As Harvard scholar James Wood has recently commented, the excellent structuring and style of the novel’s narrative has a meandering quality which makes it appear “followed for its own sake”. Open City begins mid-story and has no conclusive ending. It wanders in to its reader’s consciousness before exiting quietly, having left an indelible mark.

Tweeting about the Nobel Prize for Literature, recently awarded to Swedish poet Tomas Transtromer, Cole (@tejucole) recently mused, “It is possible that the best writer in the world right now is not widely known in the US. Given how little we translate, it’s even probable”.

An interesting thought, it also jars with the recent media hype surrounding him as a global writer in the vein of Arundhati Roy or Chimamanda Ngozi Adichie.

Open City has been praised in the media as the work of a man at home in the world, exhibiting a rare talent that should take him to the forefront of today’s global writers. But what do phrases like “global writer” and “world fiction” actually mean?

As Cole asserts, so little world literature (for want of better words) is translated and read in the US these days – as well as in other publishing hotspots of England and France – that today’s leading examples of the genre are often simply novels written in English, directed to Western audiences and marketed by massive publishing houses.

Indeed, though several reviewers have called Open City Cole’s debut novel, it is in fact his second. The first, Every Day is for the Thief, was published in Nigeria and as a consequence received little attention on a global perspective. Ironic given that Cole’s debut was a depiction of contemporary Lagos, arguably a more global – if we take global to mean foreign and different – setting than another novel about a contemporary New York.

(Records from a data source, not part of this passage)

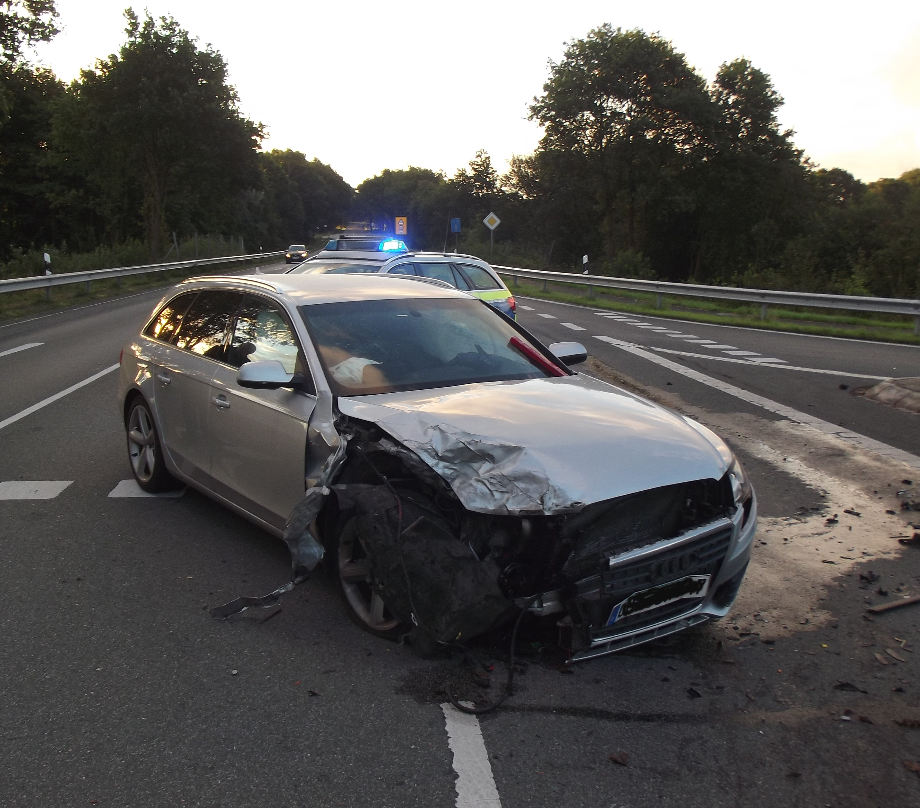 Cuxhaven (ots) - Geestland. Donnerstagfrüh gegen 5:30 Uhr befuhr eine 24-jährige Sprinter-Fahrerin aus Delmenhorst die L 120 aus Richtung Drangstedt kommend, in Richtung Langen, um an der Einmündung zur Anschlussstelle Debstedt auf die A 27 in Richtung Cuxhaven aufzufahren. Dabei übersah sie einen entgegenkommenden Audi, mit dem ein 32-jähriger Drangstedter unterwegs war. Es kam im Einmündungsbereich zum Zusammenstoß, bei dem der Audi-FAhrer leicht verletzt worden ist. An den beteiligten Fahrzeugen entstand Totalschaden in Höhe von insgesamt ca. 80.000 Euro. Der Bereich der Anschlussstelle wurde im Zeitraum von 6:30 Uhr bis 7:10 Uhr für Bergungsmaßnahmen teilweise gesperrt.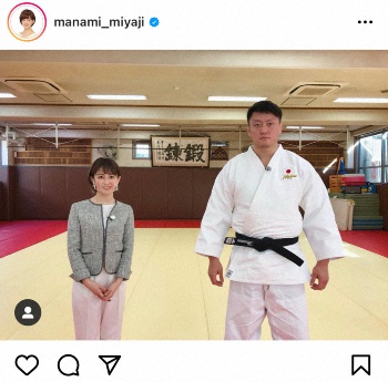 フジテレビの宮司愛海アナウンサー(29)が1日までに自身のインスタグラムを更新、男子100キロ超級東京五輪代表の原沢久喜(百五銀行)との2ショットを公開した。
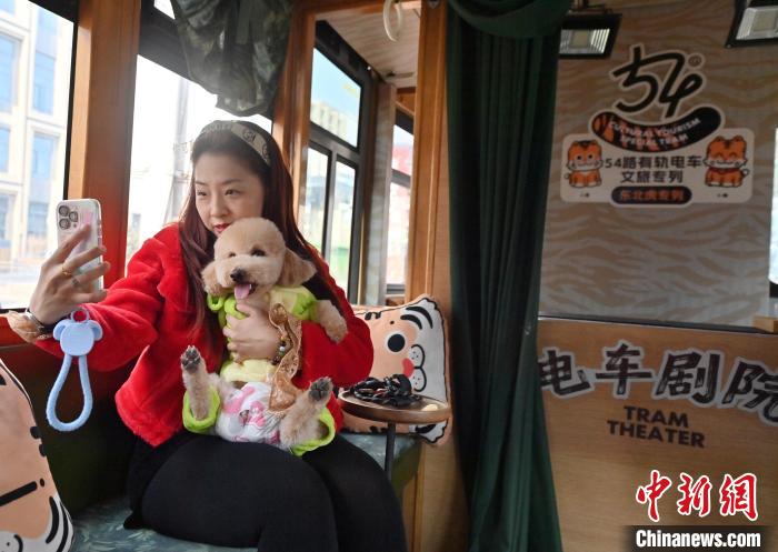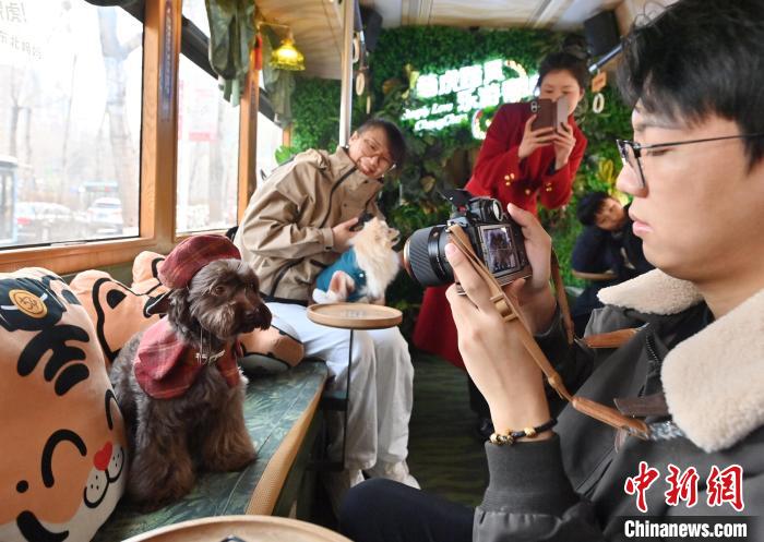 3月16日,吉林長春,寵物和主人在車廂拍照留念。中新社記者 張瑤 攝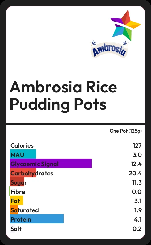 Ambrosia Rice Pudding Pots contains 127.5 calories in one Pot (125g).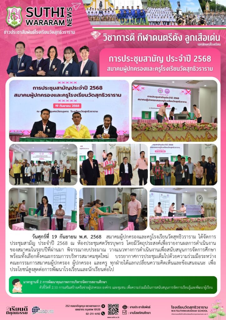 การประชุมสามัญ ประจำปี 2568 สมาคมผู้ปกครองและครูโรงเรียนวัดสุทธิวราราม19 กันยายน 2025Written by งานประชาสัมพันธ์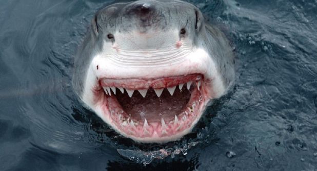 El tiburón abre la boca y se dirige hacia las piernas de la mujer, mientras ella regresa a la embarcación y levanta sus pies en los que tiene puestas las aletas de buceo.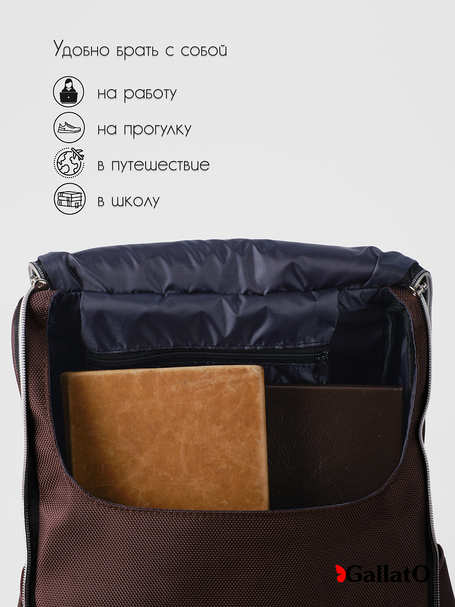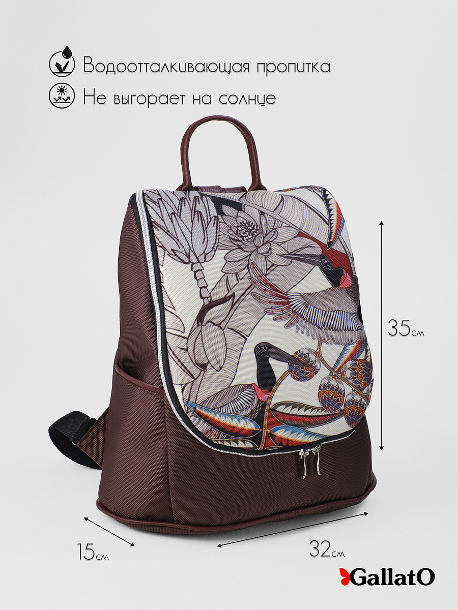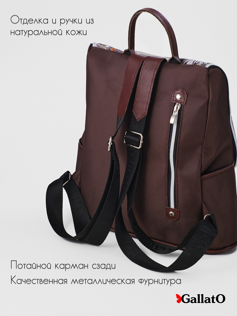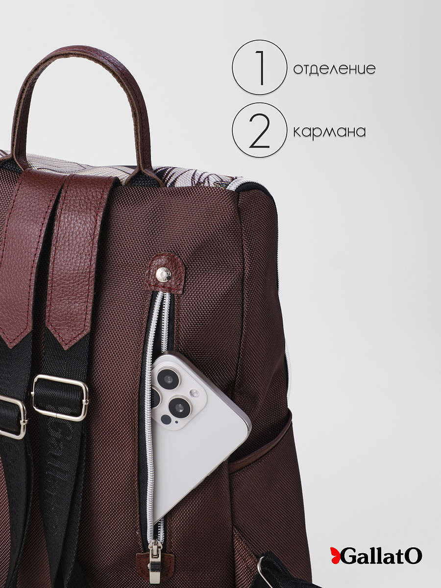 Рюкзак выполнен из текстиля с отделкой из натуральной кожи.  Снаружи на спине карман под молнию и  по бокам два кармана. Так же  внутри есть карман для мелочей на молнии и отделение для планшета.  Удобный, вместительный, легкий, прост в уходе. Сумки торговой марки Gallato сделаны из армированного нейлона с водоотталкивающей полиуретановой пропиткой.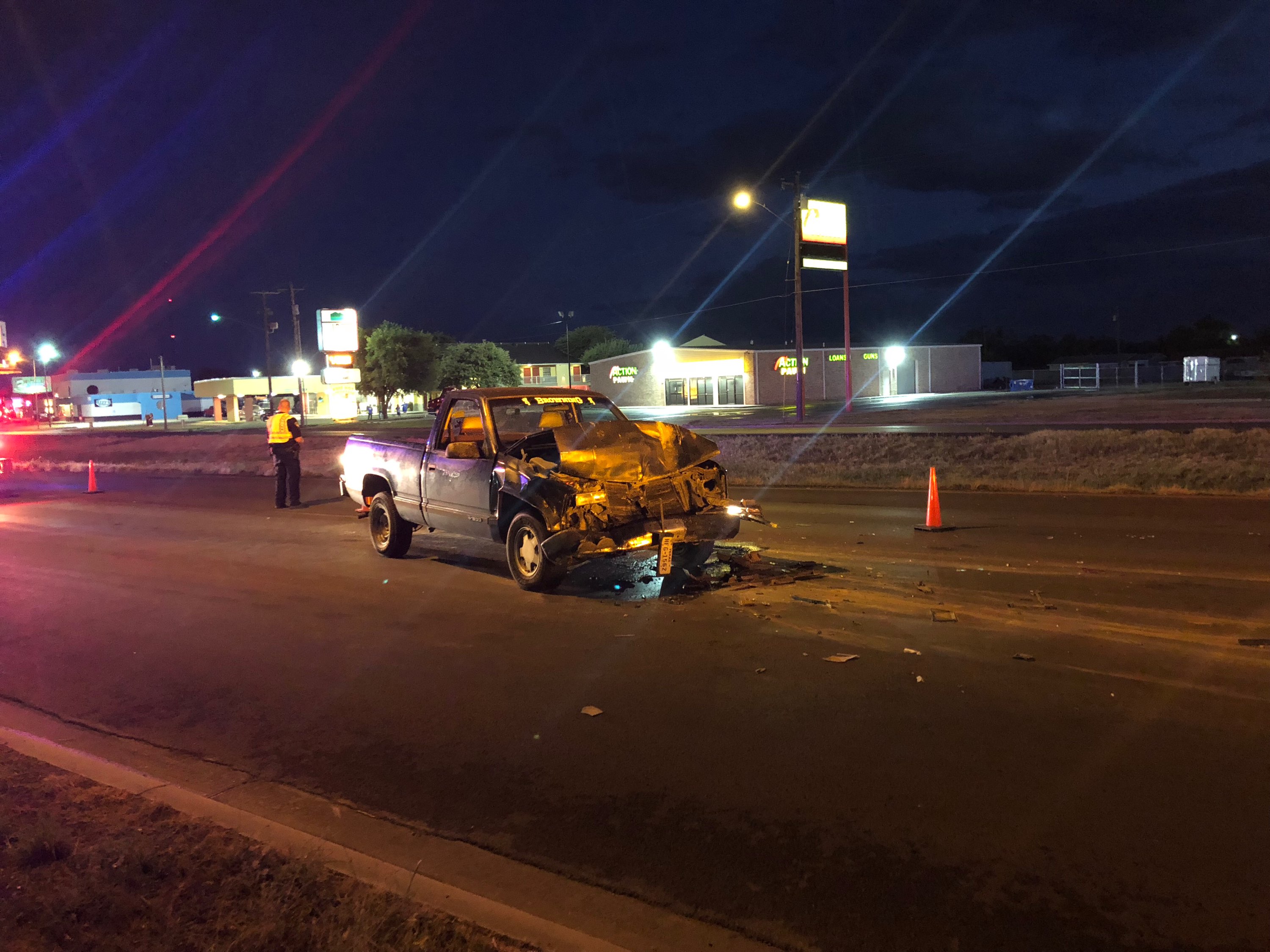 SAN ANGELO, TX -- One person was transported to the hospital Sunday evening after a black Chevy pickup rear ends a red pickup on N. Bryant near 23rd St.

Written in English and set in New York, Open City hardly transports the reader into an unknown and unrepresented part of the world and shouldn’t be seen as an example of outsider or second or third world literature. It is better seen as a real – and completely original – gem in the litany of post-9/11 novels that explore the American condition after the events of that day a decade ago.

If anything the appraisal of Open City as a great global novel detracts from the true qualities of the book. These are found not in its globality, its considerations of different cultures, peoples and landscapes. Rather they are found in the subtle observations Cole makes about the banality of Western life, his anxieties rooted within the urban sprawl of New York and therefore engendered with a charming and compelling locality.

A solemn love letter to a New York that for Cole homogenises peoples and cultures as well as offering much vibrancy and opportunity, Open City is a novel which deserves care and attention. Like Julius, do it at walking pace.